Когда «Рейтер» сообщал о потоплении океанского парохода, вроде «Лузитании», или о катастрофе с аэропланом, он говорил:

— Ну вот, еще на шаг к нам ближе. Нет, нет, мы должны обеими руками держаться за своего осла.

Вот у какого господина был слугой Ферох. Он жил лишь надеждой на то, что ему удастся отложить немного денег, распрощаться с этой службой и уехать в Тегеран.

Много писем послал он за это время домой, но они, очевидно, вследствие строгостей военной цензуры, застряли где-то на границе. Но могло быть и так, что Хаджи-ага, живший в доме Фероха, говорил почтальону, что адресат «выехал неизвестно куда». Так или иначе, но Ферох не получал ответа на письма. Отчаявшись, он в конце концов остановился на предположении, что и его родных, после его отъезда, тоже не оставили в покое, и с ними тоже что-нибудь произошло.

К несчастью, Сеид-Хусэйн-Али-хан был настолько же медлителен в выдаче денег, насколько скор на слова и декларации. Он целых три месяца не выдавал Фероху жалованья.

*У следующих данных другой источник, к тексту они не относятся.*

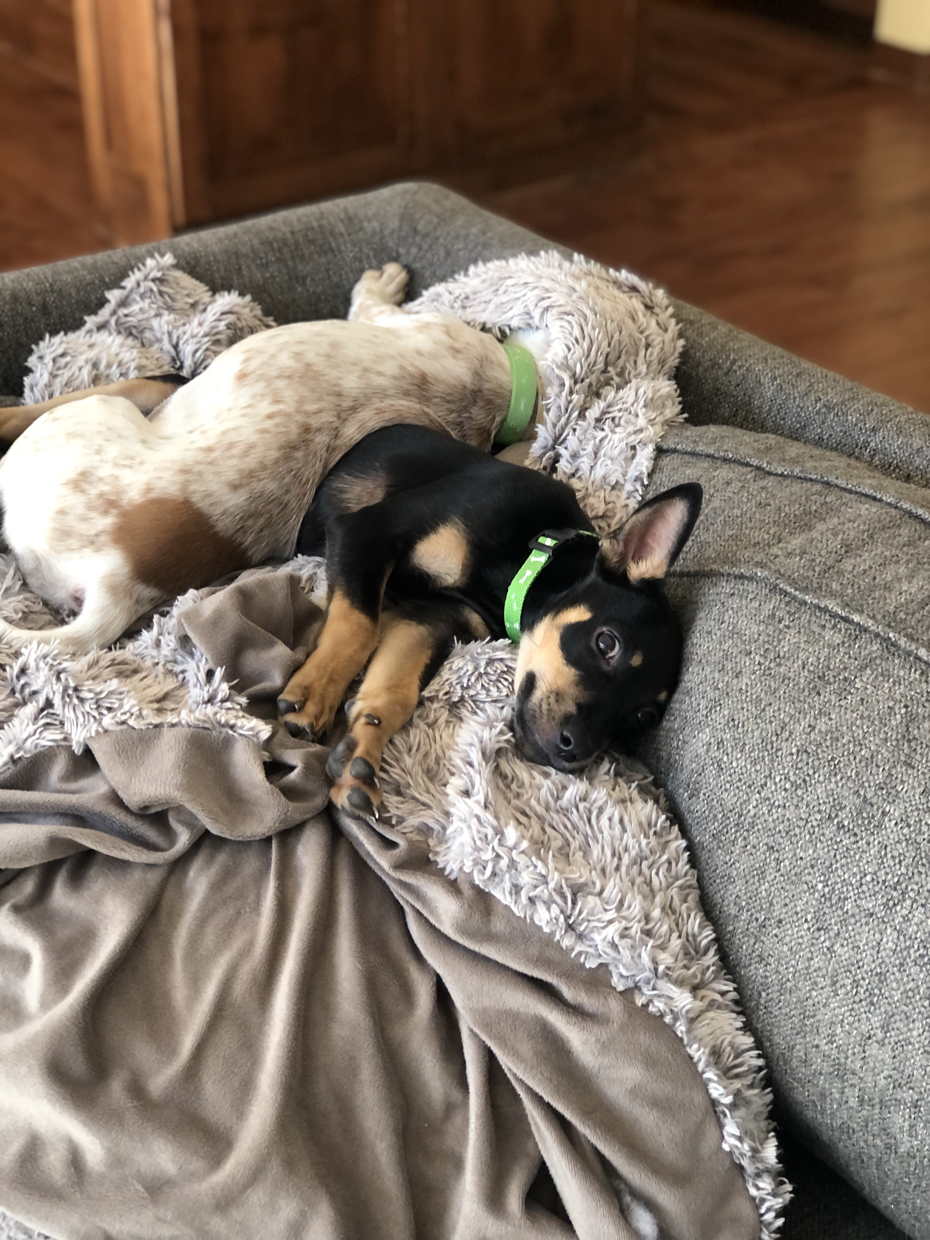 They started being naughty: dragging things from suitcases. Chewing slippers. Trillium realized she could jump on the couch. Tulip, a good 5 pounds heavier and three inches taller, wouldn’t get there for a few days. Taunting ensued.

Каждый раз, когда Ферох требовал свое вознаграждение, секретарь отговаривался тем, что сам еще не получил, так как правительство сидит без денег. На содержание всяких слепых правителей, уголовно-каторжных премьеров, целых «фамилий» сиятельных палочников, на воспитание сынков всяких преподобных проповедников, на пенсии и цивильные листы принцев уходит такая уйма денег и притом безостановочно, что на жалованье остальных правительственных чиновников ничего не остается. Бедняге Фероху, который не хуже его знал тегеранские дела и тегеранских грабителей, оставалось только молчать.